Orang-orang itu, jika mereka tahu siapa aku, mereka pasti meninggikan dada
mereka ketika melihat karyaku. Keluh Barlito dalam benaknya.
Tiba-tiba dari belakang terdengar tepukan tangan, yang kemudian diikuti dengan
yang lain. Hingga riuh oleh tepuk tangan dan sorak-sorai. Barlito menoleh
kebelakang, dia melihat seorang pria paruh baya berkacamata, bersetelan ala para
dosen. Pria itu berjalan menuju Barlito, para mahasiswa segera memberi jalan.
Kau pasti putra alam. Sahut pria itu sambil menyodorkan tangan untuk berjabat
tangan.
Barlito semakin kebingungan, mana yang bisa dia percayai, pikirannya atau orangorang di luar sana.

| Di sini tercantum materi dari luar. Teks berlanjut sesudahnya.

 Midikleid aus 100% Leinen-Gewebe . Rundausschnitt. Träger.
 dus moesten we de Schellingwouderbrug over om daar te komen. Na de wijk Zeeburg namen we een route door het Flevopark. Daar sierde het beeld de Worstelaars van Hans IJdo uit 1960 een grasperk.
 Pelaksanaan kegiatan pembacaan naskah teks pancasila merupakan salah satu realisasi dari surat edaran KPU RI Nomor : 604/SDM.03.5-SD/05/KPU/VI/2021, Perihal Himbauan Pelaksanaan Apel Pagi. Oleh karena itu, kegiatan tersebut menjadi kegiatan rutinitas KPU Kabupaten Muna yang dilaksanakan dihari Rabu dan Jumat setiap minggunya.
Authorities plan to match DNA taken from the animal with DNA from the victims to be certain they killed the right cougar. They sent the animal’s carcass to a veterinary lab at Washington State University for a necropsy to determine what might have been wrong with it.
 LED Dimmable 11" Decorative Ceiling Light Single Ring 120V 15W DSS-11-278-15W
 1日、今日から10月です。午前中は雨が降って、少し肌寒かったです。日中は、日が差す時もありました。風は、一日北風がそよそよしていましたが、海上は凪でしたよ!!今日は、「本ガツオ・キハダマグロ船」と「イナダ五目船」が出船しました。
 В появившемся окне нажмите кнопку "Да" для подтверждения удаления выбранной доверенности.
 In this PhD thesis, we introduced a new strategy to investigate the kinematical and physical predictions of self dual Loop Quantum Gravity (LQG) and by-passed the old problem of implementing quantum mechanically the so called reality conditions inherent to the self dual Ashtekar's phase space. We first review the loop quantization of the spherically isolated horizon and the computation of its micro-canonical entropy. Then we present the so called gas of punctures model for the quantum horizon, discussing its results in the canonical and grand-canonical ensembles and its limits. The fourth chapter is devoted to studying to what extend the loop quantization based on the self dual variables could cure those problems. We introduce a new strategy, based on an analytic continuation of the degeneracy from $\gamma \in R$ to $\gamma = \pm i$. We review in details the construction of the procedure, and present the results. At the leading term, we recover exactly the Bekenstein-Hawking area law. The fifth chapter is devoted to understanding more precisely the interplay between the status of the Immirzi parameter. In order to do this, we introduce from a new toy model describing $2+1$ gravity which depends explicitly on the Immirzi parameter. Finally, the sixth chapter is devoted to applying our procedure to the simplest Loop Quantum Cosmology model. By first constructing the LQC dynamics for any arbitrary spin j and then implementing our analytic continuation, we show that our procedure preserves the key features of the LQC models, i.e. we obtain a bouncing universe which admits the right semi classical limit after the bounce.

Barulah ketika dia merasa seperti lukisannya, yang pantas
dikagumi, dia merasa dirinya sempurna, dia kembali percaya diri.
Ya, ya, saya putra alam itu. Katanya sambil masih kebingungan dengan maksud
pria paruh baya itu.
Mereka berdua kemudian tertawa sejenak, dan berjabat tangan.
Ngomong-ngomong, apa nama karyamu itu? tanya pria paruh baya itu dengan
antusias.
Eh, anugrah alam.
Para mahasiswa bergumam tanda kagum dan setuju.
Pria itu mengangguk, kemudian mengelus dagunya sambil kembali mengamati
anugrah alam.
Ada yang kurang, jangan sampai pelukis melewatkan bagian yang paling krusial
ini.
Tiba-tiba suasana jadi hening. Barlito merasa gelisah.
Apa itu?

Tanda tangan.
Para mahasiswa bertanya-tanya, dan membenarkan.
Barlito selama ini hampir tidak pernah berkeharusan untuk menandatangani sesuatu
secara intens. Terakhir kali dia menanda tangan adalah ketika membuat KTP. Dia
lalu mengambil kuas yang paling sedikit rambutnya. Dia celupkan pada cat hitam,
kemudian mulai menorehkannya pada kanvas. Para mahasiswa kembali kagum,
seolah melihat penyihir menganyunkan tongkatnya, menyisakan gemerlap kelapkelip di udara.